● **WHAT THE EXERCISE ASKS**:
Could you retype every line below exactly, omitting the images?

● **DATA EXCERPT**:
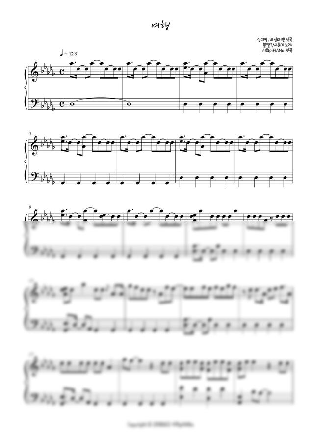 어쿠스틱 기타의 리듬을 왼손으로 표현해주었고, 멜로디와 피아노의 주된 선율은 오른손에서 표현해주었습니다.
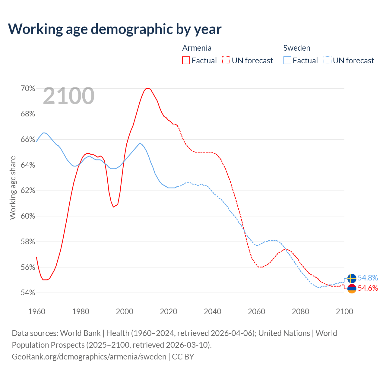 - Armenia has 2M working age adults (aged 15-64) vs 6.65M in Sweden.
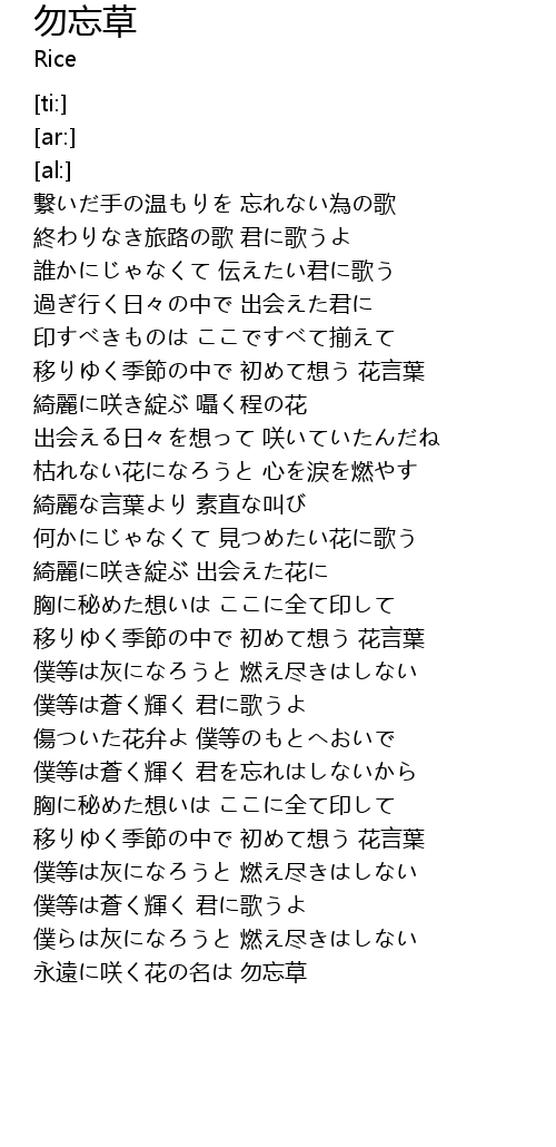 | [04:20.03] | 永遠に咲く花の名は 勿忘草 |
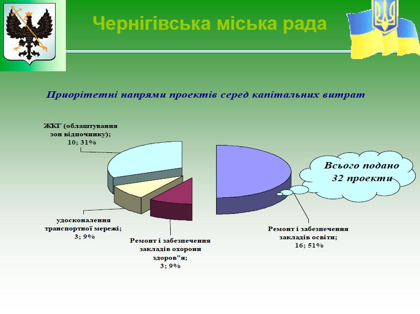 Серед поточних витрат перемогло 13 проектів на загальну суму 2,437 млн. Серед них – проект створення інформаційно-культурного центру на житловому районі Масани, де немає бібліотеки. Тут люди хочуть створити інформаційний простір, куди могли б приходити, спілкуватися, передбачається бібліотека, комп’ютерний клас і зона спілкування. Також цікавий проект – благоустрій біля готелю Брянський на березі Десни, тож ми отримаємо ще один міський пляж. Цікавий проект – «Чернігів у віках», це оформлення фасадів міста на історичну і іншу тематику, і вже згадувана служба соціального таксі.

● **ANSWER FOR THE TASK**:
 어쿠스틱 기타의 리듬을 왼손으로 표현해주었고, 멜로디와 피아노의 주된 선율은 오른손에서 표현해주었습니다.
 - Armenia has 2M working age adults (aged 15-64) vs 6.65M in Sweden.
 | [04:20.03] | 永遠に咲く花の名は 勿忘草 |
 Серед поточних витрат перемогло 13 проектів на загальну суму 2,437 млн. Серед них – проект створення інформаційно-культурного центру на житловому районі Масани, де немає бібліотеки. Тут люди хочуть створити інформаційний простір, куди могли б приходити, спілкуватися, передбачається бібліотека, комп’ютерний клас і зона спілкування. Також цікавий проект – благоустрій біля готелю Брянський на березі Десни, тож ми отримаємо ще один міський пляж. Цікавий проект – «Чернігів у віках», це оформлення фасадів міста на історичну і іншу тематику, і вже згадувана служба соціального таксі.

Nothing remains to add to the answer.